Esse estudo localiza os novos padrões de família
e relacionamento (divórcio, monopaternidade, famílias reconstituídas, famílias homossexuais, coabitação) no contexto da modernização globalizante. Giddens argumenta que o ideal dominante se torna o relacionamento puro – aquele em que os parceiros permanecem por tanto tempo porque as necessidades de cada um são satisfeitas em um grau suficiente. Isso se caracteriza pela sexualidade plástica, a sexualidade separada da reprodução e do casamento; pela reflexividade social, o ato autoconsciente de escolher com quem se quer estar; e o amor confluente, o amor que (ao contrário da ideia de amor romântico) aceita ser contingente e possivelmente temporário.
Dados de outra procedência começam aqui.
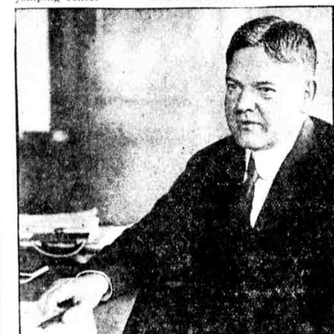
THE SECRETARY OF COMMERCE, Herbert C. Hoover, photographed for the first time at his desk. He insisted on simple ceremonies surrounding his induction into office.

Ulrich Beck e Elisabeth Beck‐Gernsheim enfatizam que a maior escolha e variedade nos relacionamentos podem ser consideradas questão de hábito e que todos os elementos de um relacionamento estão constantemente abertos para negociação. O amor, segundo argumentam, passou a ocupar um lugar bastante central nas sociedades modernas, pois é o antídoto percebido para a natureza impessoal, abstrata e tão inconstante do resto da vida moderna. Mesmo com o crescimento da indústria do aconselhamento, grupos de auto- ajuda e outros que regulam as vidas pessoais, o amor é considerado uma expressão autêntica do self e uma nova fonte de fé. A noção do amor líquido de Zygmunt Bauman enfatiza as tensões inerentes à individualização, à medida que as pessoas alternam-se entre o desejo de liberdade pessoal e a necessidade de segurança.
Carol Smart discorda das teorias contemporâneas
argumentando que a vida pessoal é um conceito mais realista para explicar como as pessoas mantêm suas conexões com outras pessoas, por meio de memórias compartilhadas e tradições que geram significados. EXEMPLO DE AULA
A busca por intimidade
• Objetivo: Colocar os padrões contemporâneos
de vida pessoal no contexto da mudança social e cultural. Resultado: Ao final da aula, os alunos:
• 1. Citar três fontes de aconselhamento sobre
relações pessoais na sociedade Ocidental contemporânea. • 2. Entender que as mudanças nas formas institucionais de vida pessoal estão relacionadas com mudanças sociais mais amplas. • 3. Analisar a letra de uma canção como uma representação contemporânea de relacionamentos íntimos. QUESTÕES PARA REFLEXÃO & DISCUSSÃO
• Todas as formas de família são aceitáveis
socialmente da mesma forma na Grã-Bretanha moderna?
• Que vantagens emocionais, sociais e
econômicas a poliginia ou a poliandria poderiam oferecer a mulheres e homens em uma sociedade moderna? • De que modo as taxas crescentes de divórcio indicam que a relação de matrimônio se tornou mais, e não menos, importante?
• O comportamento violento é um problema
relacionado com a personalidade individual ou parte da estrutura da sociedade? Pode ser ambos?
• Que medidas sociais podem ser adotadas para
reduzir os níveis de violência dentro das famílias? • O que é mais importante: proteger a privacidade ou proteger as pessoas da violência?
• Quando as pessoas falam da volta aos valores
familiares, o que querem realmente dizer?
• O amor romântico é uma base segura para um
relacionamento duradouro? • Os casamentos arranjados oferecem uma base para a formação de um relacionamento emocionalmente íntimo?
• É possível ter intimidade por escrito?
• À luz da diversidade contemporânea, qual é a
utilidade de se falar sobre ‘a família’ no singular? • De que modo os aspectos abusivos da vida em família podem ser melhorados com mudanças nas posições de homens e mulheres na sociedade mais ampla?